Un sistema che è il contrario di quello annunciato dalla maggioranza e previsto dall’accordo con il quale Pd, Leu e Iv accettarono di approvare la riforma costituzionale bandiera dei 5 Stelle per il taglio delle «poltrone». Con questo Rosatellum «bonsai» si esaspera il sacrificio della rappresentanza, i partiti più piccoli perdono anche un diritto di tribuna e in definitiva si esalta la torsione maggioritaria. Con il meccanismo dei collegi e soprattutto del voto unico – che trasferisce il consenso espresso nell’uninominale anche sulle liste che concorrono per i seggi proporzionali – una coalizione anche a due (in ipotesi Salvini-Meloni) può raggiungere la maggioranza anche con una percentuale nazionale inferiore al 40%.

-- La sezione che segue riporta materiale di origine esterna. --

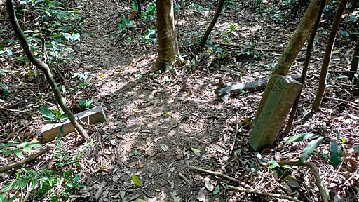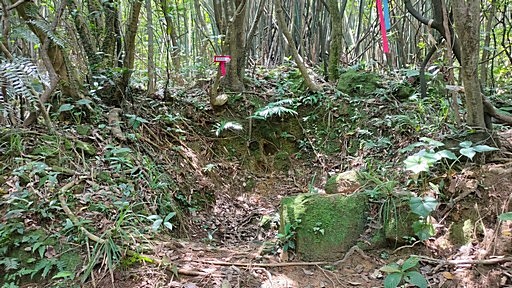 瑪鎖山東北峰叉路,位於稜線下方,右上稜線山路往瑪鎖山東北峰,稜線上有兩根灣潭斷層基石,探看一下再退回續行古道。稍後路旁有涵管堆。H176m |

È stata una legge approvata a maggio dello scorso anno, per iniziativa del leghista Calderoli, a introdurre l’obbligo per il governo di procedere alla ridefinizione dei collegi una volta entrata in vigore la riforma costituzionale che taglia i parlamentari. Adattando il numero di collegi uninominali e plurinominali. La legge costituzionale, confermata dal referendum il 20 e 21 settembre, è rimasta ferma al Quirinale fino al 19 ottobre, quando il presidente Mattarella l’ha firmata e promulgata. Pubblicata successivamente in Gazzetta ufficiale, la riforma è entrata in vigore il 5 novembre. L’iter per la ridefinizione dei collegi, previsto per legge in 60 giorni (ma il termine non è perentorio), deve concludersi entro il 4 gennaio. Per quella data il testo del decreto deve acquisire il parere delle commissioni parlamentari e poi tornare a palazzo Chigi. In attesa di poter leggere il testo, ieri introvabile, il governo ha confermato, e non sarebbe stato possibile altrimenti, che «la definizione dei collegi è stata effettuata sulla base della proposta della commissione tecnica, composta da dieci esperti in materia e presieduta dal presidente dell’Istat».